Яир не располагал свободным временем для политики и не находил в ней никакого смысла. Он не проявлял и тени интереса к партийным платформам, фракционным маневрам или препирательствам о преимуществах и недостатках социализма и тому подобном. Эти темы не занимали его и не привлекали. С момента основания ЛЕХИ Яир избавился от военных игр. Не было у нас никакой иерархии и никакого генштаба, командного состава или офицерского корпуса. Мы довольствовались Центром. Мы не вытягивались по стойке "смирно", никому не козыряли и не кланялись начальству, хотя дисциплина в наших рядах была очень жесткой. Яир стоял за самостоятельность мышления и призывал нас "учиться, тренироваться и думать". Он передал нам в наследство навыки подпольной деятельности, в том числе искусство маскировки. Мы учились не выделяться, ходить "сутулясь", держаться скромно, в тени, без капли щегольства и показухи. Он сам был мастером в таких делах, и это выражалось иногда неожиданным образом. Например, он имел обыкновение быстро писать от руки печатными буквами, чтобы читатель не мог ничего узнать о личности пишущего.
Яир не испытывал ужаса перед возможностью поражения союзников в войне, лишь бы евреи смогли извлечь из этого пользу. Он надеялся, что в своем стремлении освободиться от евреев нацисты сами, на своих кораблях, доставят их из Европы к берегам Эрец-Исраэль, заодно уничтожив британскую блокаду этих берегов. Если так произойдет, думал он, от британских иллюзий по поводу господства на Ближнем Востоке после войны не останется даже воспоминаний. По его мнению, было возможно и другое развитие событий: британцы, узнав о том, что происходит у них под носом, опомнятся и решат отказаться от политики Белой книги. В любом случае, утверждал он, конечным результатом будет массовая еврейская алия в Эрец-Исраэль.

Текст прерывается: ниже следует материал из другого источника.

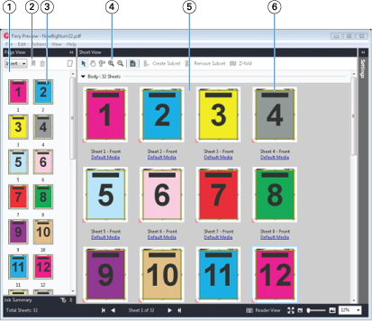 | 6 | Thumbnails in Sheet View | See Set the Sheet View to thumbnails or full pages in Fiery Compose and Adjust thumbnail size. |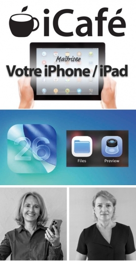 Ce cours est indépendant des autres et peut donc être suivi même si vous n’étiez pas présent aux cours précédents, du moment que votre iPhone/iPad est sous iOS26. Si vous éprouvez des difficultés à mettre votre appareil à jour, n’hésitez pas à contacter laurence@vanis.be ou isabellevandenbosch@gmail.com avant de vous inscrire ou avant le cours.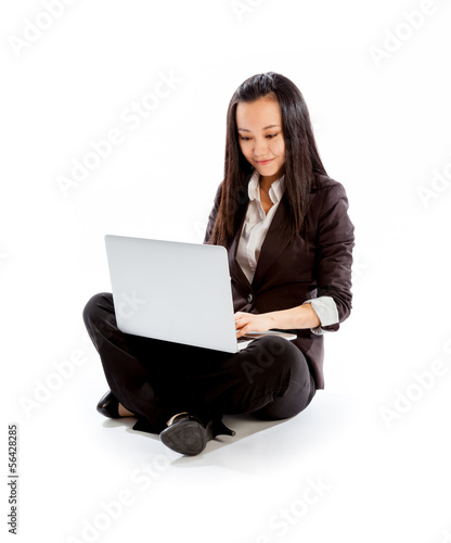 cheerful, adult, asian ethnicity, beautiful, beauty, black hair, business, businessperson, business suit, businesswoman, computer, copy space, cross-legged, cut-out, cute, electronic mail, elegance, female, full-length, happiness, cyberspace, isolated, isolated on white, joy, laptop, one person, people, posing, professional occupation, satisfaction, sitting, smiling, studio shot, success, white, white background, woman, young adult, missy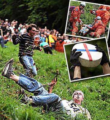中新网5月27日电 据香港大公网报道,英国格洛斯特郡25日举行一年一度的“追芝士比赛“。这项赛事已有数百年历史,比赛规则十分古怪,参赛者要站在库珀山山顶,沿山坡追逐滚下山的一块芝士,今年有58人受伤。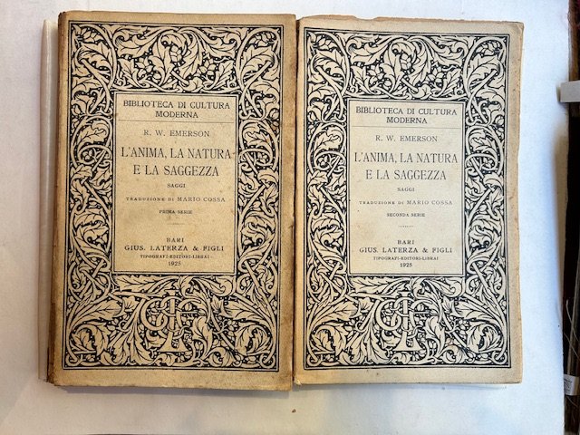 Due volumi in-8°, pp. 270, (2);181, (3), brossure editoriali con titolo entro cornice xilografica Ralph Waldo Emerson (Boston, 25 maggio 1803 - Concord, 27 aprile 1882) è stato un filosofo, scrittore, saggista e poeta statunitense. Fu la figura più influente del movimento trascendentalista americano del XIX secolo e ispiratore del pragmatismo; è considerato un campione dell'individualismo e un critico preveggente delle pressioni al conformismo che la società esercita sulle persone. Diffuse il suo pensiero attraverso influenti saggi e oltre 1500 conferenze che tenne in tutti gli Stati Uniti. Emerson è stato tra i primi a proporre un'etica individuale basata sulla fiducia in sé stessi e sulla discussione dei valori tradizionali, e uno dei pochi ad averlo fatto mantenendo il rispetto per la vita e l'esistenza, contrariamente, ad esempio, ad alcuni pensatori del nichilismo europeo. Nell'etica di Emerson si trova una singolare combinazione di relativismo (che lo avvicina a Montaigne) e perfezionismo (che lo avvicina alla tradizione stoica e alle radici puritane della cultura americana). Non a caso fu definito dai suoi contemporanei 'Plotino-Montaigne'. L'asse portante del suo pensiero fu la definizione di 'Superanima', descritta come una forza superiore che vigila e interviene sulla realtà, sul genio degli uomini, sulla filosofia e sulla poesia, come una porta d'accesso alla verità, costituente la base della comunicazione tra gli uomini. La libertà degli uomini non è più, secondo Emerson, sfuggire o ribellarsi alla necessità e al senso del mondo, ma comprenderlo e accettarlo.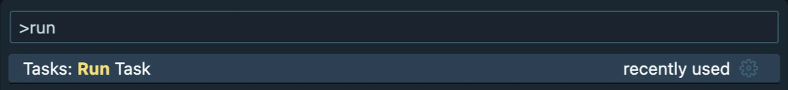 Now if we open up the command palette again and select Tasks: Run Task we can see our newly created task right at the top.
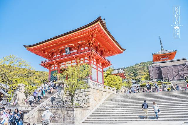 清水寺座落于音羽山的半腰,因寺中清水而得名,现为日本佛教北法相宗的总院。在其周围布满了京都的名胜古迹。

Яир не афишировал свою программу, но ЛЕХИ, не колеблясь, заявляла, что Вторая мировая война - не что иное, как столкновение между силами зла, между Гогом и Магогом. Никто не мог ошибиться насчет нашей позиции (напоминаю, что дело происходило в 1940 и 1941 годах) - с точки зрения евреев нет существенной разницы между немцами и британцами. Единственной вещью, важной тогда для Яира, была возможность спасти евреев любым путем, причем он отчетливо понимал, что никого этот вопрос не интересует, и менее всего британцев. Никто тогда не знал, что нацисты уже готовят совершенно иное решение еврейской проблемы. Но в тот период ЛЕХИ воспринималась в ишуве не только как группа опасных людей, которых следует обезвредить или изолировать, но и как что-то вроде пятой колонны, сотрудничающей со смертельным врагом. Эти обвинения бросало нам общество, которое продолжало верить - без малейших на то оснований, перед лицом все накапливающихся доказательств обратного, - что британцы откроют ворота Страны преследуемым евреям. Те, кто отказывался покончить с эмоциональной и политической зависимостью от британцев, сошлись во мнении, что мы - сторонники немцев.

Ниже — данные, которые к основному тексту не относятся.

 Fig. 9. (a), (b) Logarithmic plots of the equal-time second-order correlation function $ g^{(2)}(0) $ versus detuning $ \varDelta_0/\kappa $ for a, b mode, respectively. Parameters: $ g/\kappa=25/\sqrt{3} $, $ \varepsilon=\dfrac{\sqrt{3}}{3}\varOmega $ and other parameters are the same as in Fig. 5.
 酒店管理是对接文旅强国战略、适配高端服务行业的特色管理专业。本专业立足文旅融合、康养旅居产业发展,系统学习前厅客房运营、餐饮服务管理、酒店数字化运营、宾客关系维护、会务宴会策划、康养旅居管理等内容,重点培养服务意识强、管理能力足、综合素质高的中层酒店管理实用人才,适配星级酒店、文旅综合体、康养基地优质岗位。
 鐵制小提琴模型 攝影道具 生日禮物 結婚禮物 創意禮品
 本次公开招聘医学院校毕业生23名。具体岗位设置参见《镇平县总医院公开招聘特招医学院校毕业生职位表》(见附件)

Мне трудно писать о Яире без восхищения еще и потому, что его личность и жизнь всегда несли на себе печать драматизма. Остается фактом, что он поднял те знамена, которые поднимались прежде в истории народа Израиля только людьми уровня Элазара бен Яира, вождя последних защитников Масады, у которого Авраам Штерн - Яир - заимствовал свое подпольное имя.
Я уверен, что Яир не рассматривал историю Масады и смерть героев, защищавших ее, как образец для подражания, но нет сомнения, что его убеждения можно было бы выразить знаменитыми словами из речи Элазара бен Яира перед своими воинами: "Мы принесли обет не покоряться римлянам, а также другим властителям, кроме одного Бога, потому что только Он правит человеком по правде и справедливости".

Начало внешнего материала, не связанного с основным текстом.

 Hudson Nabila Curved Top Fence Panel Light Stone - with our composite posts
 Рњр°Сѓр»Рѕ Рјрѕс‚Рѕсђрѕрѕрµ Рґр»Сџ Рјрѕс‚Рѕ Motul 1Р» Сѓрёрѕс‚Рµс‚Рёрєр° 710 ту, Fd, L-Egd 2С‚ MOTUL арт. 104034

И это было символом веры борцов ЛЕХИ. Несмотря на близость между Яиром и мной, встречались мы не часто. Прежде всего потому, что мы действовали в подполье, и каждая встреча была связана с определенным риском. Естественно, у нас не было постоянных мест встречи. Мы сходились на углах разных улиц, по ночам, под защитой темноты, и так, на ходу, беседовали. Во время этих "прогулок" улаживались различные вопросы, намечались пути деятельности ЛЕХИ и даже согласовывались планы на относительно долгий срок. Одна встреча, незадолго до моего первого ареста, особенно мне запомнилась. Мы бродили где-то в районе нынешнего театра "Габима", по улицей Йегуды Галеви, по бульвару Ротшильда, в путанице близлежащих переулков. Яир говорил тихо, шепотом, но его слова были четкими, весомыми и тяжкими. Он сказал, что старые и испытанные товарищи попадают в плен к врагу, а те, кто приходит на их место, правда, отличные и преданные ребята, но недостаточно опытны и поэтому часто допускают ошибки. Затем он напомнил о возможности своего ареста. Он был уверен, - так он сказал мне, - что арест не будет продолжительным: англичане просто застрелят его на месте. Он говорил об этом спокойно, без капли сентиментальности и без малейшего страха. Он объяснил мне, что его гибель приведет в подполье новых сторонников и борцов, и предостерег: когда это случится, нам нужно будет временно отказаться от актов возмездия и сосредоточиться на углублении подполья, затем на усилении его деятельности и продолжении непримиримой войны против чужой власти.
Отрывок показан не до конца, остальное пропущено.